Antigenic properties:
Among Coronaviruses in the same genus, cross-reactivity is limited. The S protein, the major inducer of virus-neutralizing antibodies, is located principally by epitopes in the amino terminal half of the molecule. The infectivity of virus is neutralized by the antibodies that are produced by surface-exposed amino-terminus of the M protein. Also, the antibodies produced by HE protein of group A betacoronaviruses prevent virion binding to O-acetylated sialic acids or inhibit sialate-O-acetylesterase activity. The N protein is a chief antigen for natural infection. Although N-specific antibodies provide little immune protection, they are using in serology diagnostic.

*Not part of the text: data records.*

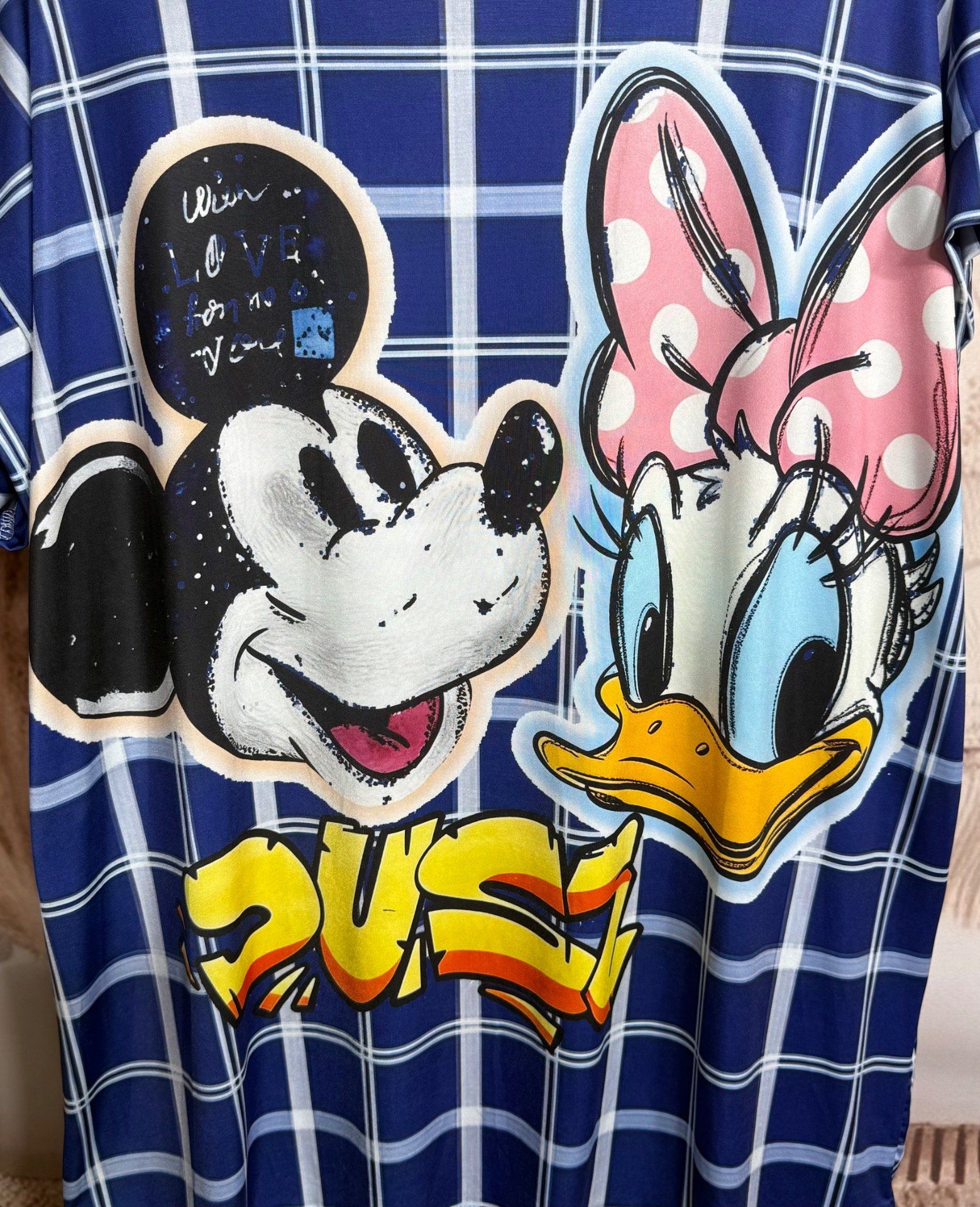 Tee-shirt fin ample lycra carreaux marine Mickey & Daisy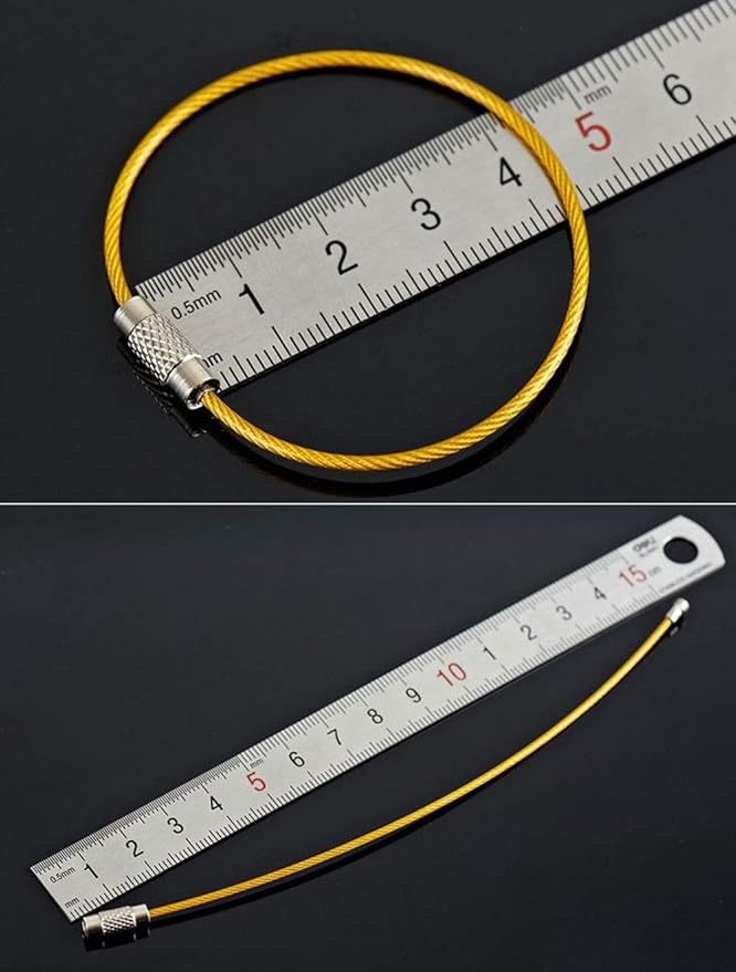 【サイズ】長さ:15cm ケーブルの外径:線約1.5mm リングにした時の直径(約):4.5cm ネジ込み式ワイヤーリング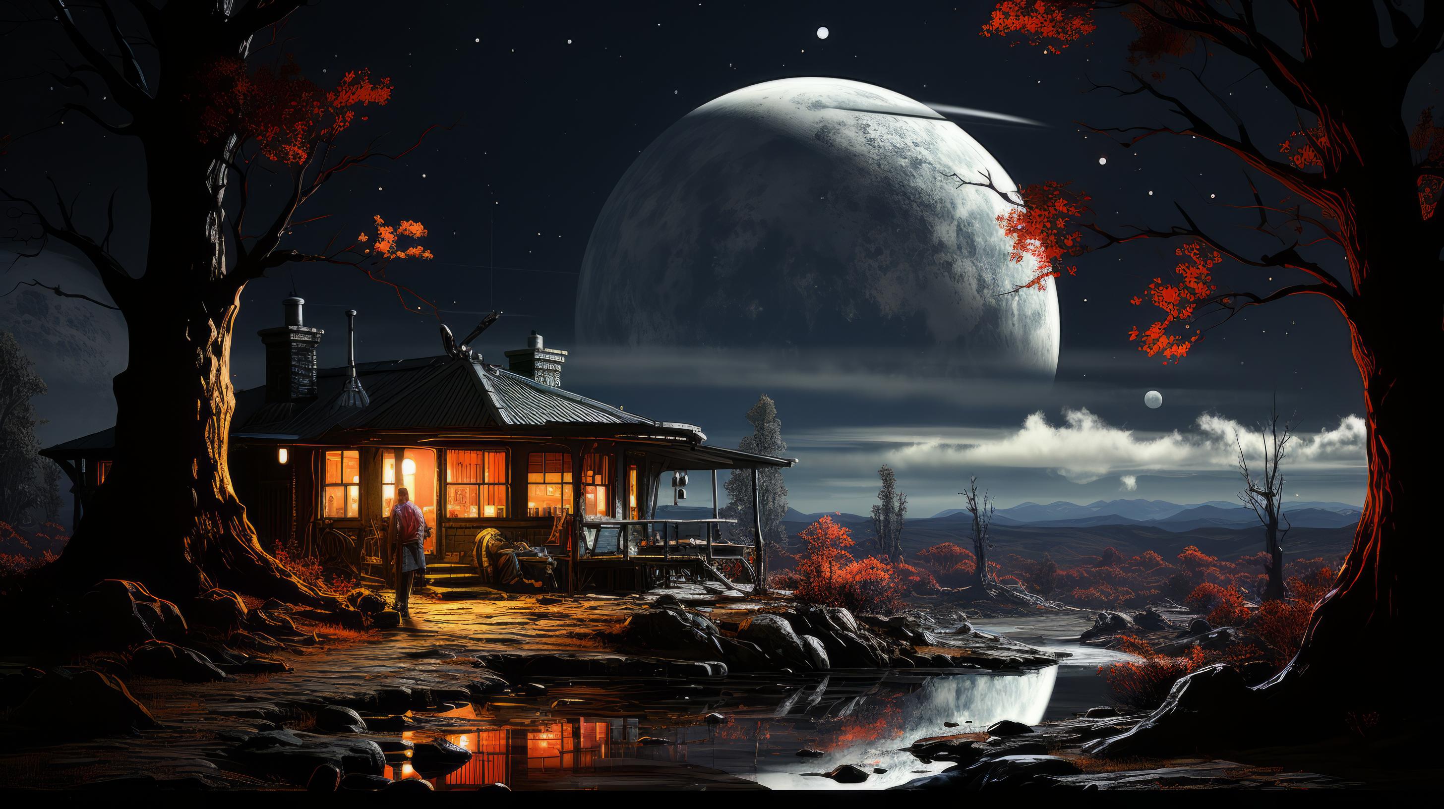 Wallpaper: Sci-fi, planet, cosmoart, night - 2912x1632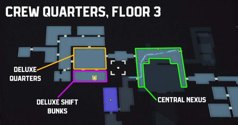 To access the Deluxe Shift Bunks, players will need to reroute power from lights to the doors inside the Deluxe Quarters of the Crew Quarters Deck. Once done, head inside the Deluxe Shift Bunks room to find the chest.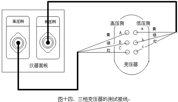 1.三相測量時,儀器高壓側的黃、綠、紅三根線分別接變壓器高壓側的A、B、C,儀器1#低壓側的黃、綠、紅三根線分別接變壓器低壓側的a、b、c,接線正確方可測試。接線圖如下圖所示: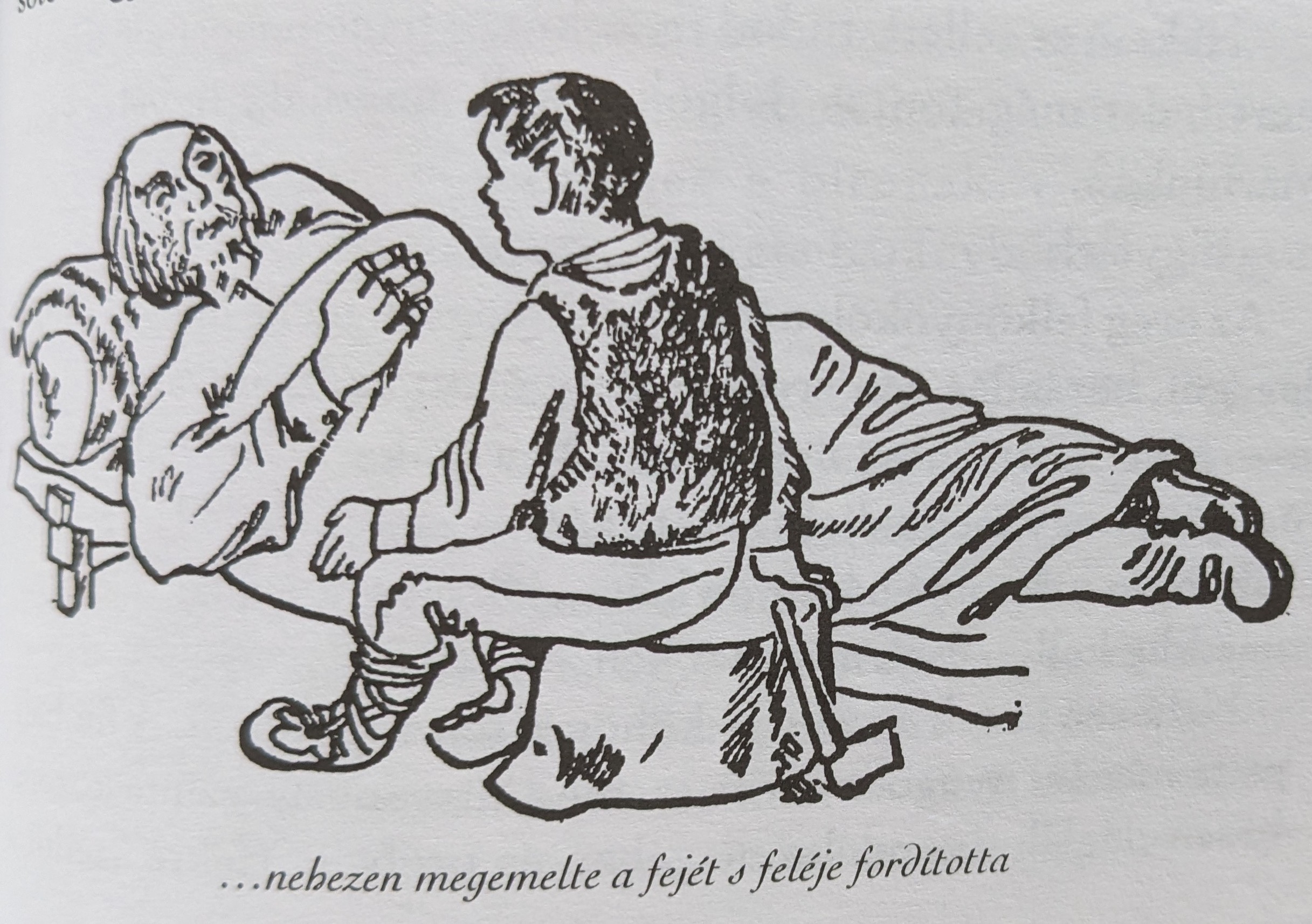 Az öreg nagyon oda volt. Nyögött, forgolódott a vackán. Barázdás arcából kiütköztek a csontok, gyér, szürke haja izzadtságtól csapzottan lógott a homlokába.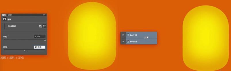 然后我们需要复制出的图形(即身体内部图形)进行羽化。羽化完成后使用剪切蒙版使其嵌套到原始图形上,如图可以看到这不操作约束力羽化范围,可以保证身体边缘的清晰度。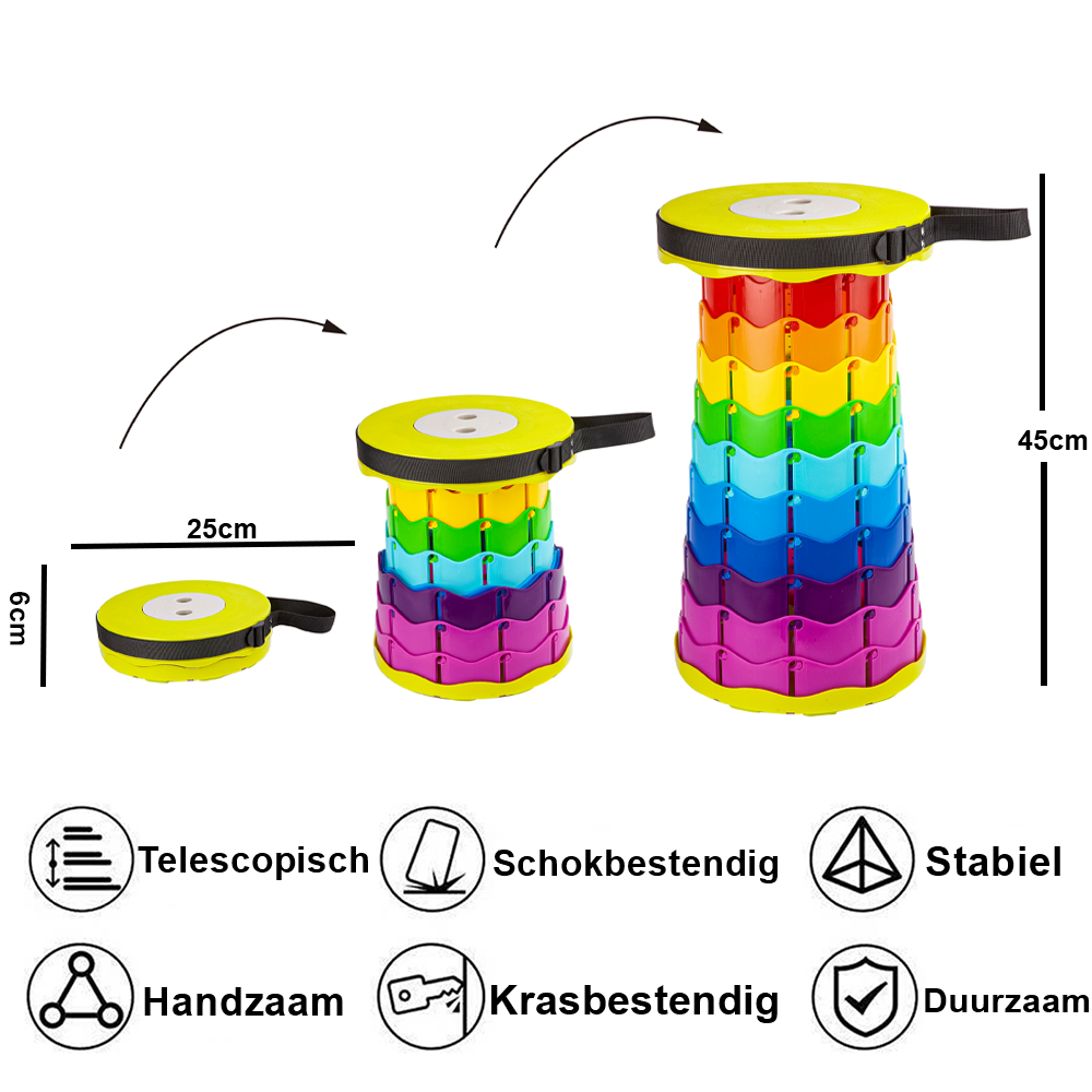 Ben jij opzoek naar een kruk die klein in formaat is? Dan zit je goed met de Alora Opvouwbare Kruk! Deze kruk is verstelbaar van 6cm tot 45cm, door dit ontwerp is het mogelijk om op hoogte te zitten maar ook om de stoel gemakkelijk op te bergen. Dankzij het lichte gewicht kun je de stoel gemakkelijk overal mee naartoe meenemen!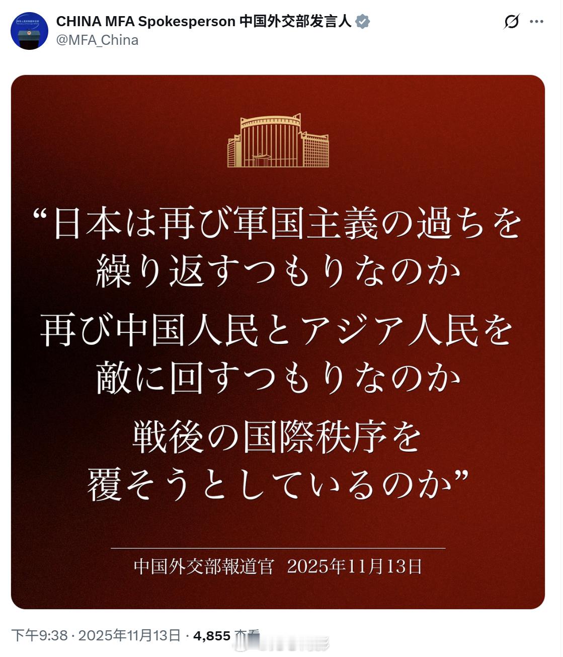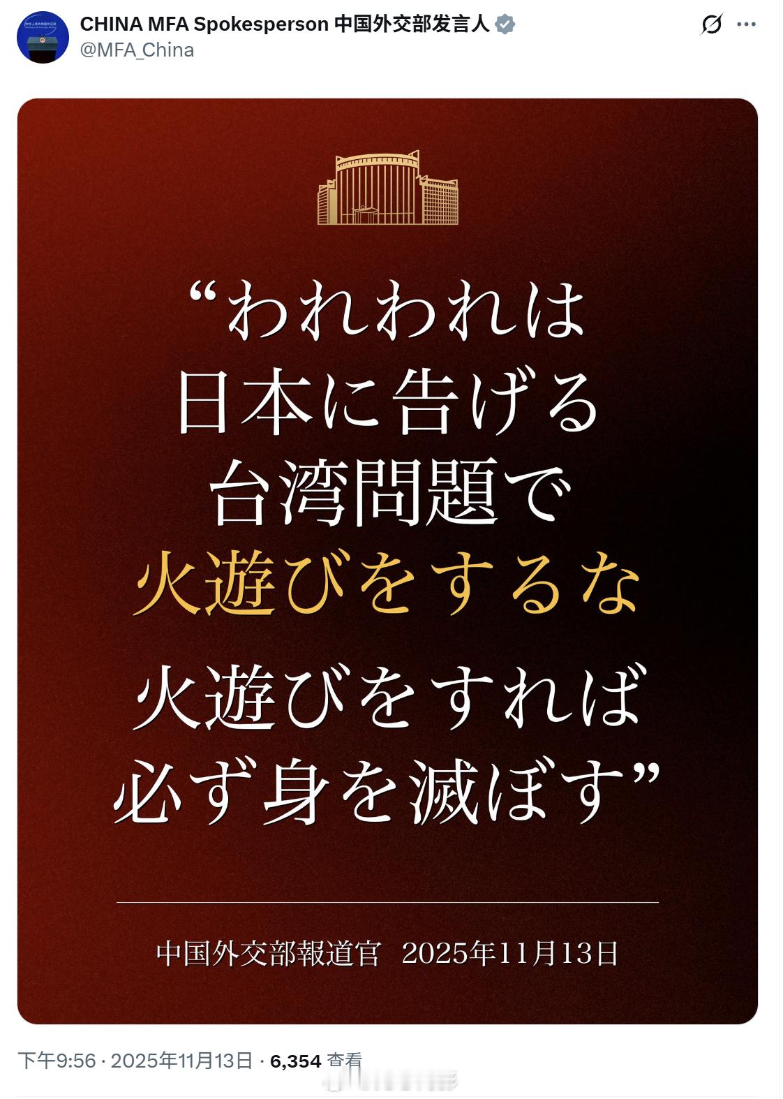 外交部推特官方帐号用日语写道:【日本是打算再次重蹈军国主义的覆辙吗?是打算再次将中国人民和亚洲人民视为敌人吗?是企图颠覆战后国际秩序吗?】【如日方胆敢武力介入台海局势,中方必将迎头痛击。】【我们正告日本,在台湾问题上不要玩火,玩火者必自焚。】
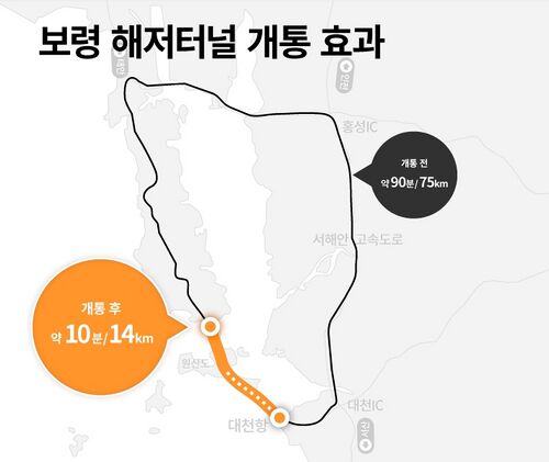 대천~안면도 이동시간을 90분 → 10~15분으로 단축. 원산도에 상수도 공급도 가능해짐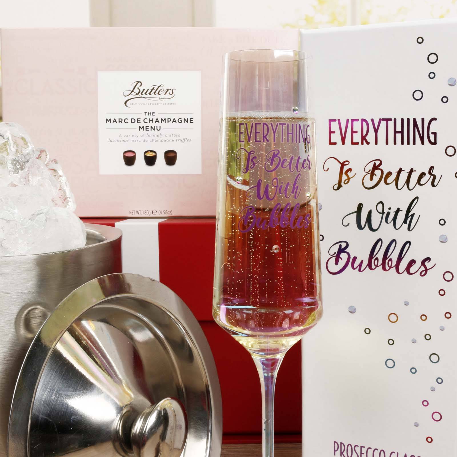 This exquisite hamper includes a full sized bottle of fine prosecco, a sleek stainless steel double wall ice bucket, a champagne flute and some tasty Butler's champagne chocolates that make up this gorgeous gift box - perfect for wishing someone a Happy Birthday, Congratulations, New Baby or Just Because! Perfect for toasting any special occasion.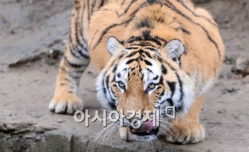 [아시아경제 이재문 기자] 11일 오후 서울동물원에서 열린 '따뜻한 서울동물원 겨울여행' 축제에서 호랑이가 먹이를 받아먹고 있다. 서울동물원은 동물들을 위한 난방시설을 물론 관람객을 위한 동물해설가 셔틀버스도 운행한다.

The ectodomains of the S and HE proteins can vary greatly cause widespread antigenic drift. Some examples of antigenic shifts are intra- and interspecies exchange through RNA recombination of coding sequences of S and HE ectodomains. Studies revealed that both structural and non-structural (replicase) proteins serve as CD4 and CD8 T cell antigens. No serologic cross-reactivity have been observed between corona-, toro- and bafiniviruses [5].